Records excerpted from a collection
----
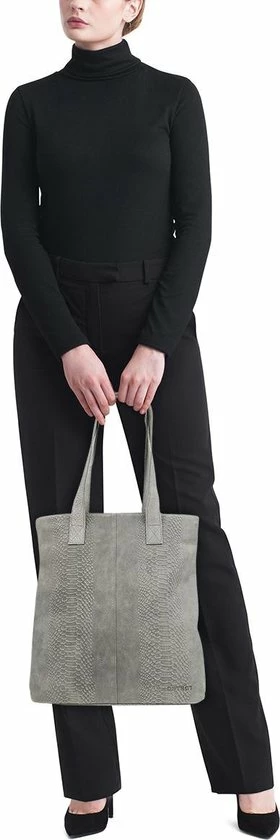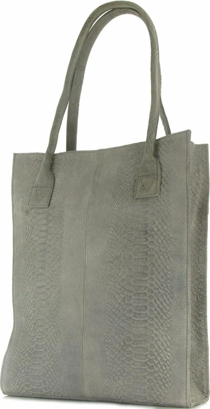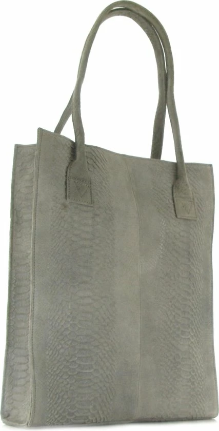 Smalle, trendy dames shopper uit de Portland Road collectie van DSTRCT. Gemaakt van suede leer en voorzien van mooie slangenprint.
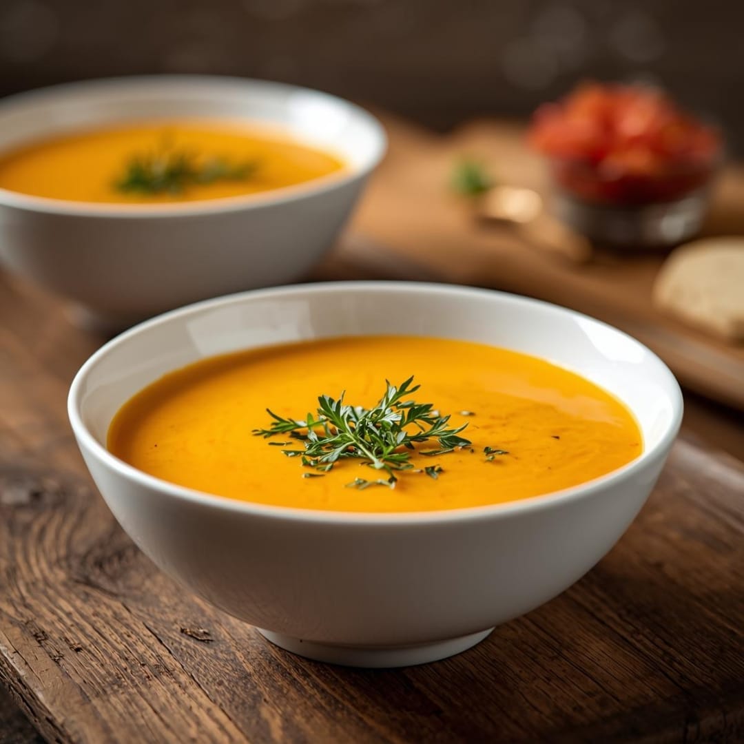 Sopa cremosa de abóbora, com textura macia e sabor delicado.
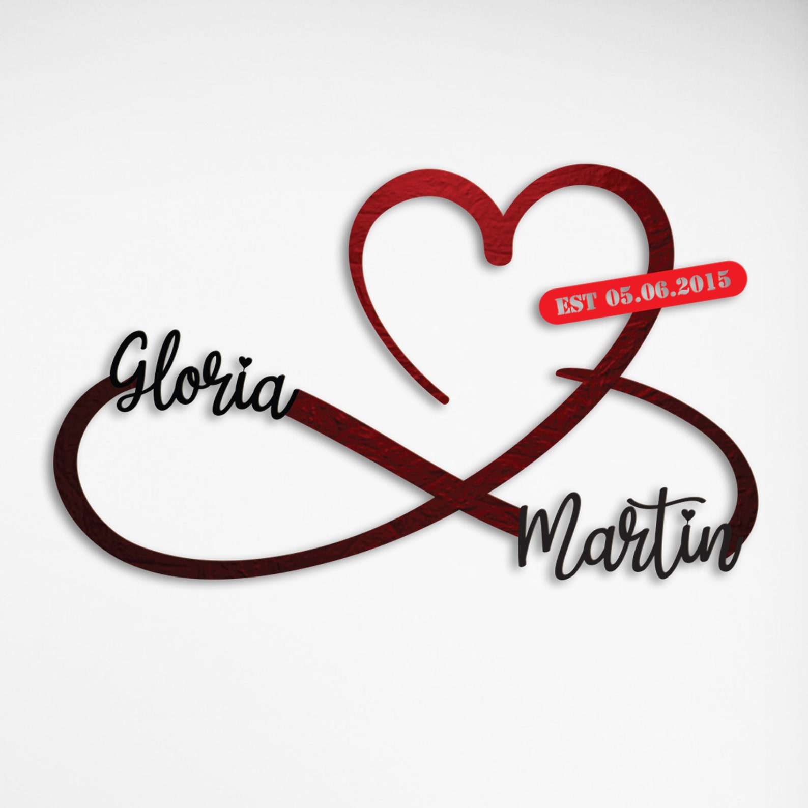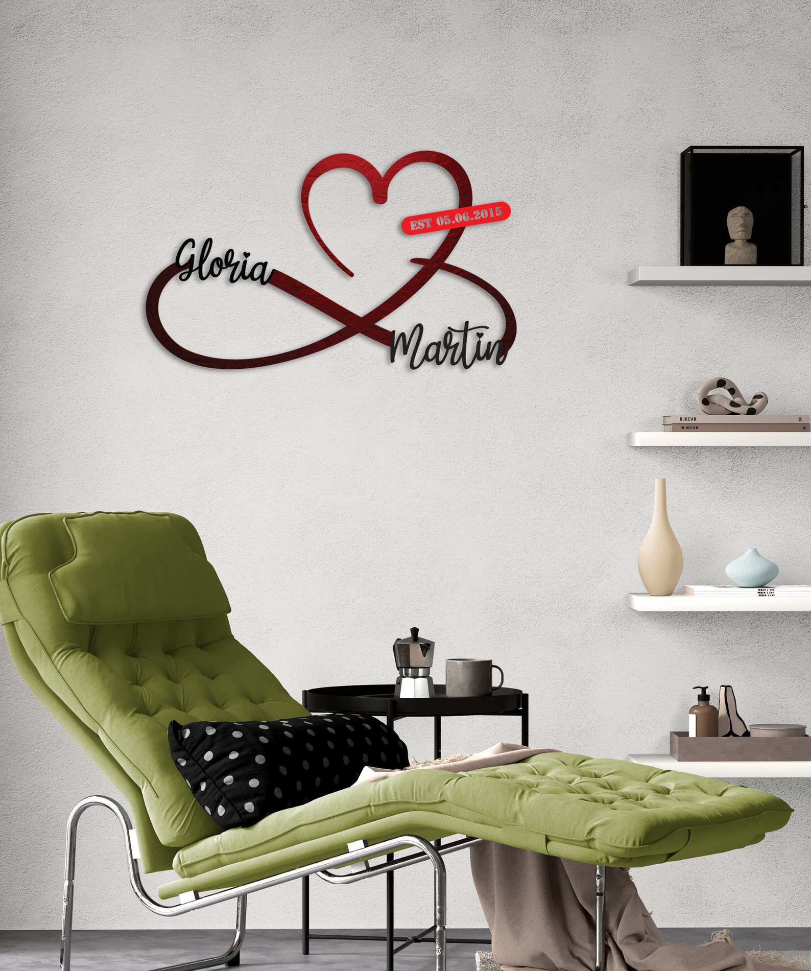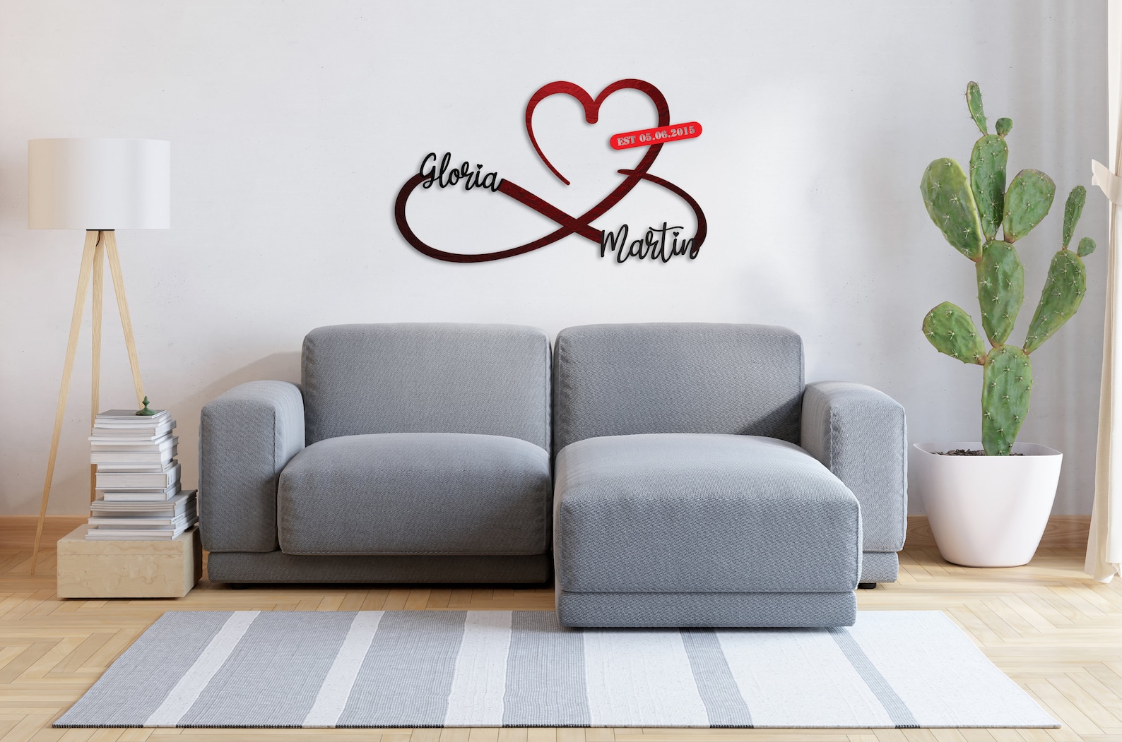 Metal Large Customized Names and Date, Heart and Infinity, Custom Metal Wall Art, Home Decoration, Wedding, New Home, Housewarming Gift.
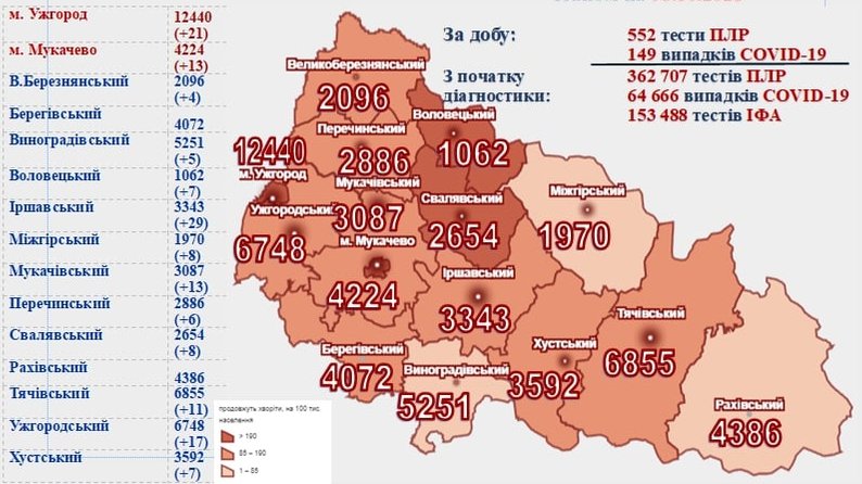 За даними закарпатського обласного центру громадського здоров’я, загалом в області з початку пандемії діагноз COVID-19 встановили у 64 666 людей. 61 167 пацієнтів подолали хворобу, 1 651 — помер.
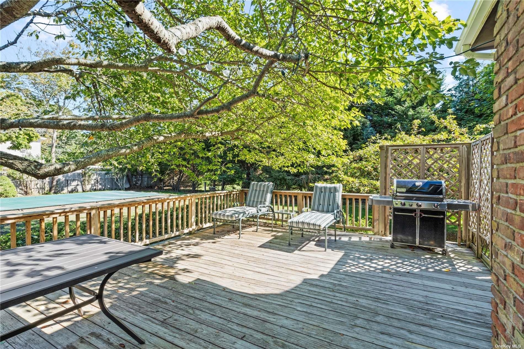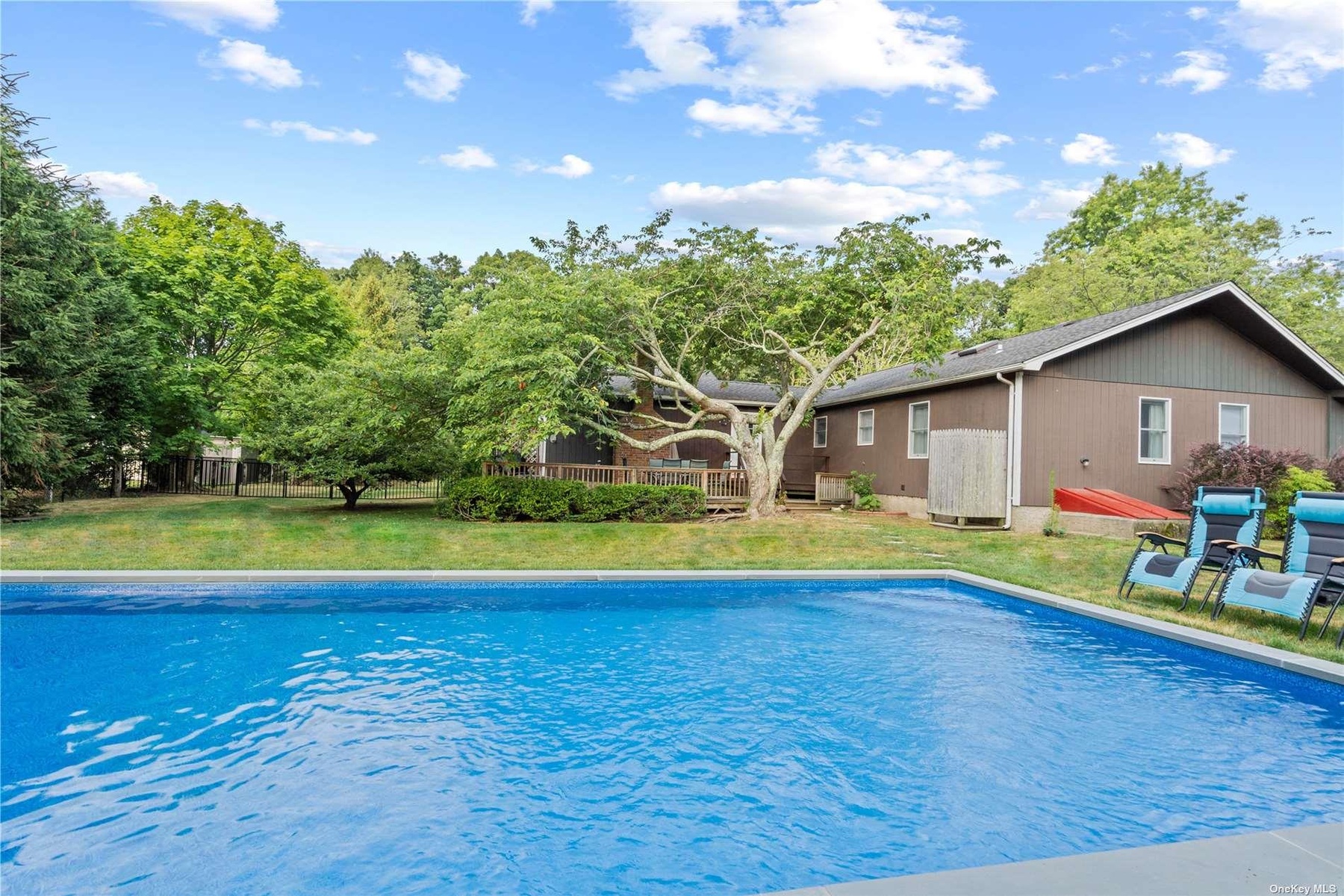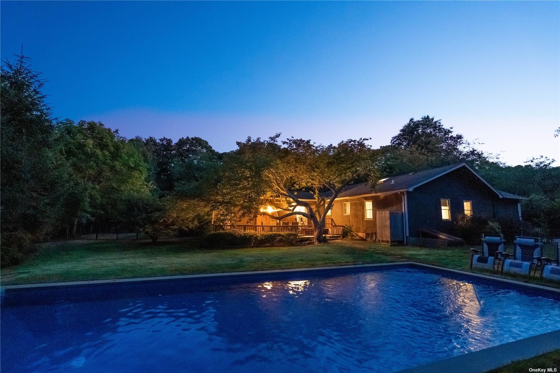 Private, peaceful home on a serene acre of property with mature plantings and wonderful landscaped greenery. Just renovated, featuring open modern Kitchen/Dining combo for modern entertaining. Separate family room across open foyer with fireplace and loads of puzzles & games. Charming covered front porch looks out onto expansive front yard. Back deck with grill overlooks pool and backyard. (Pool Dimensions: 16' x 36' - 3ft in shallow end
----
WORK INSTRUCTIONS
Both the first line of the records above and the line containing "Metal Large Customized" belong in the copy; please return them and every line between, exactly, minus the pictures.

RESPONSE BELOW
 Smalle, trendy dames shopper uit de Portland Road collectie van DSTRCT. Gemaakt van suede leer en voorzien van mooie slangenprint.
 Sopa cremosa de abóbora, com textura macia e sabor delicado.
 Metal Large Customized Names and Date, Heart and Infinity, Custom Metal Wall Art, Home Decoration, Wedding, New Home, Housewarming Gift.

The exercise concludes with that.